US Mega Banks Can Not Go Bankrupt

The present world economy is facing a major problem: the largest banks in the United States are still in a “too big to free from closing” state. To Admire the New Classic tiffany jewelry of Paris Hilton This means that when one or a few of the banks come into financial difficulties, the Government will come to the rescue, because once the large banks broke, the consequences will be unimaginable serious. You Know What? tiffany&co Keep to be In Vogue for This Season This is realized not only by government officials, but bankers themselves. In fact, all agree to put the reversal of such a condition on the top of political agenda. Unfortunately, the proposal, large not fail, submitted to the U.S. Congress which was put forward by the Obama Administration will not come into effect.tiffany and co , Top Festivals Items for Women


The present legislative discussion focus is the financial reform bill presented by Senators Christ Dodd. The proposal has been passed the voting of the Senate Banking Committee. Duad’s proposal will establish the bankruptcy resolution authorized, which means that government departments also can take over or close down financial institutions which are on the verge of bankruptcy with the force of law. The supporters of this bill believe that the approach is based on the successful experiences of the Federal Deposit Insurance Corporation. The Federal Deposit Insurance Corporation has successfully closed many U.S. small and medium-sized banks with minimized loss and avoids depositors suffering losses.


In this situation, the “broke down” refers to the managements of the banks were dismissed; the shareholders were liquidated, while unsecured creditors will bear the loss. The most important thing is, this is a reform for insolvency proceedings, but this is more an administrative decision (and it may be more inclined to protect the interests of depositors) rather than the normal bankruptcy proceedings under the supervision of the court. The idea applied to big banks and other financial institutes – they do not have petty deposits – sounds not bad, but there are insurmountable obstacles in practice. Let us think about the most difficult time to make a choice, when a giant bank like Morgan Chase (assets is about 200 billion U.S. dollars) stay at the verge of bankruptcy. You are a senior decision-maker, is now the moment to make a decision.


In your hands, you have the Senator Dodd said “Bankruptcy resolution authority”, then decided not to rescue troubled banks on decision-making meetings – or in the worst case bear some of the losses just to protect the unsecured creditors . Then someone will remind you of JP Morgan Chase which is a sophisticated global financial institution. Dodd’s bill only empower the US government to take over American companies, while JPMorgen has subsidiaries, branches or other businesses in dozens of countries. where normal bankrupcy procedures are still in place. As a result, they will pressure the US government and the firms there with specially prepared deal. These uncoordinated responses will cause panic, intensify confusion and will be widely spread. The existence of United States’ bankruptcy resolution authorized will not control the damage caused by the closedown of some large international banks and also can not control the public’s panic caused by this. This type of bankruptcy should carry on in a pre-designed, with multinational effects insolvency resolution authorized proceedings. But now we just lack such mechanism, and will not be created in short period.

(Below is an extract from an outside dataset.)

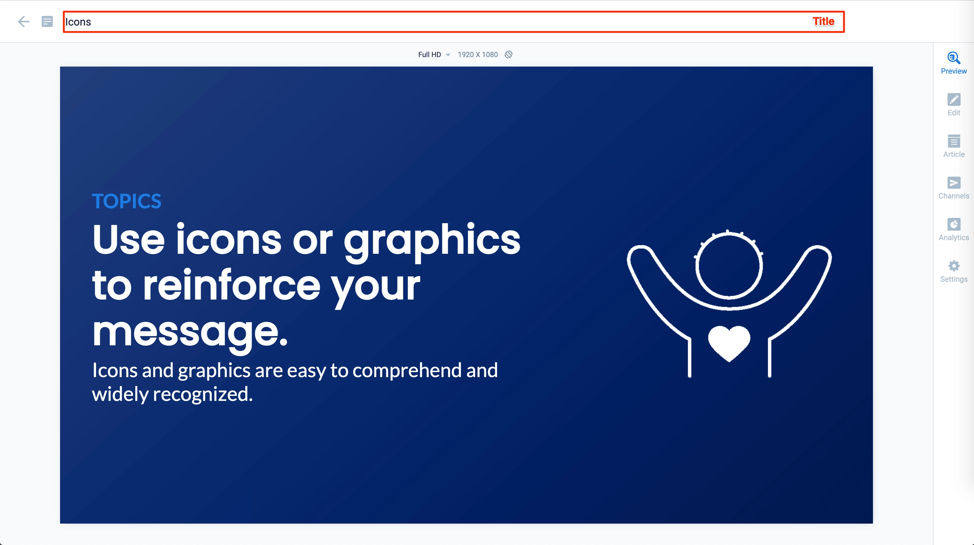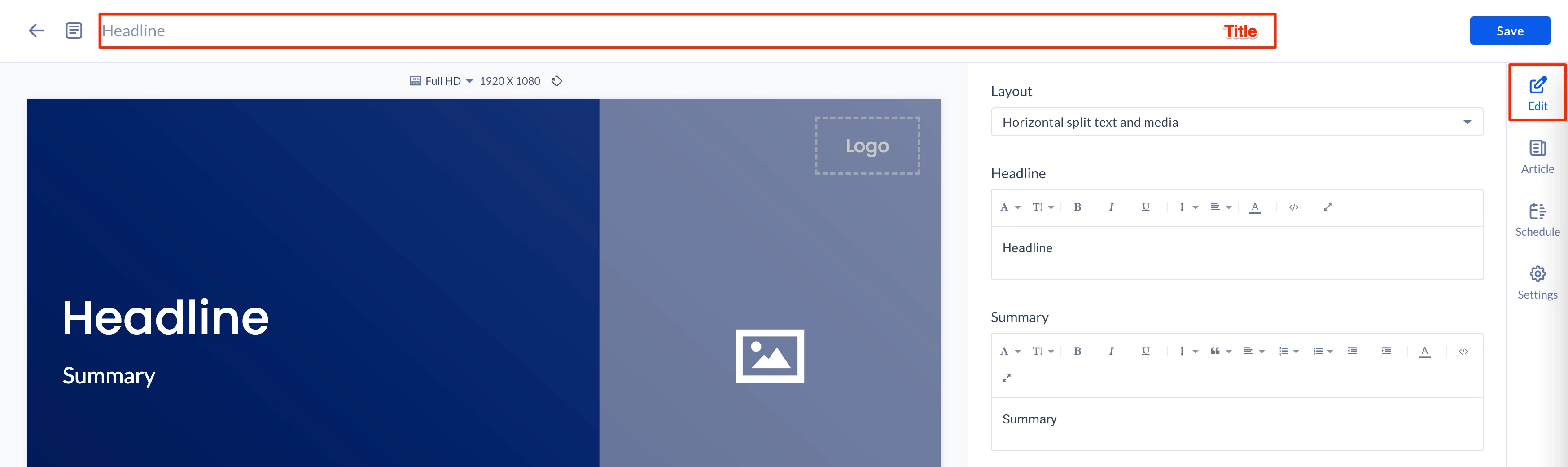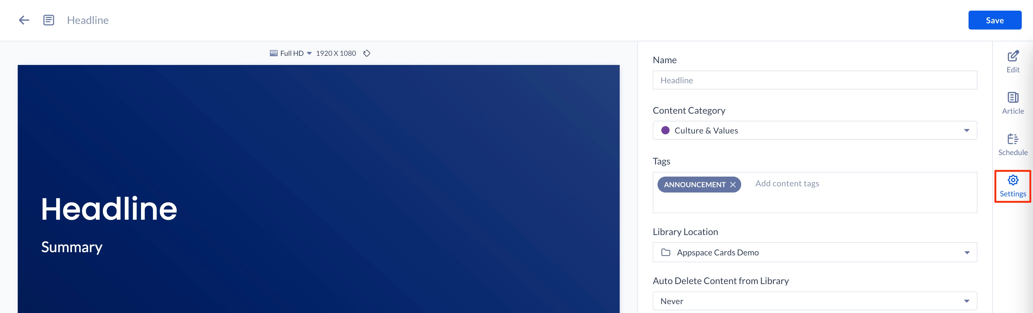 - You may edit the Title of the card content. This is a mandatory field, while also acting as the filename for the content when added to the Library.
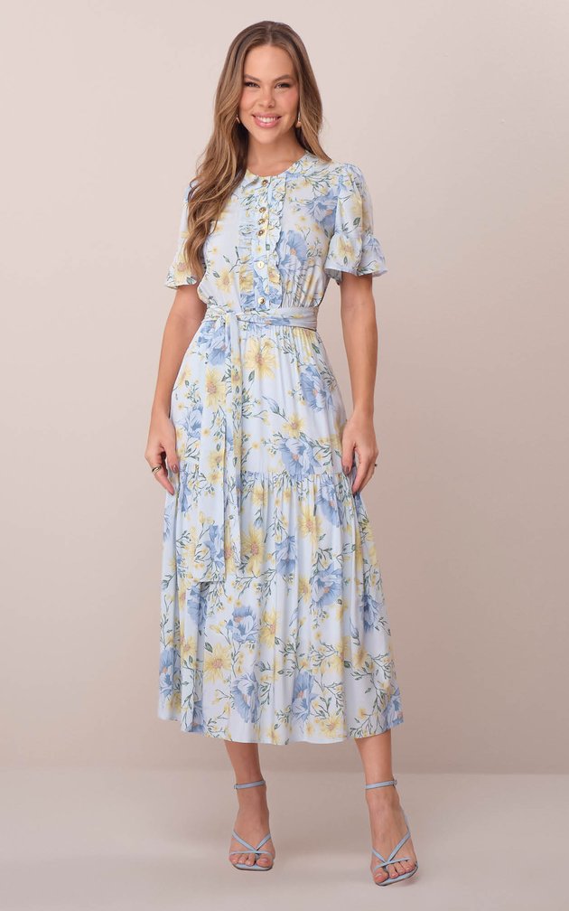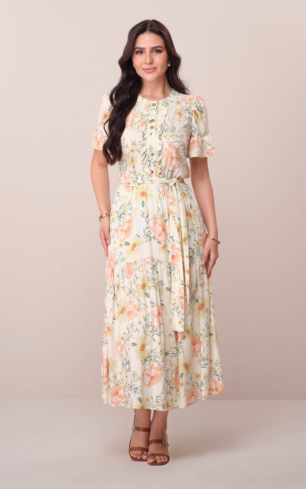 Confeccionado em viscose fluida com estampa floral, este vestido traduz feminilidade com elegância. Os babados delicados e a modelagem equilibrada valorizam a silhueta de forma natural, tornando a peça perfeita para ocasiões diurnas e especiais.

Other policy-makers of the G-20 countries who should be responsible have clear attitude towards this. Nobody is willing to agree on an approach arranged ahead of time to deal with the bankruptcy of multinational banks. At the moment when JP Morgan Chase – or any of America`s six largest banks – fails, the choice will be just like that of September 2008: do you rescue the bank in question or do you let it fail, and face likely chaos in markets and a potential re-run of the Great Depression? What will the President choose? He may state in public that the creditors will be faced with losses. But being forced to the cliff edge, as the berated consultant, what would you advise the President to do? Would you really recommend the President to jump off the cliff, or jump into the financial problem abyss with millions of people`s work, family and property? Or pull him back and find some subtle ways to save banks and use public funds to protect the interests of creditors, or rely on the Fed or other emergency relieves?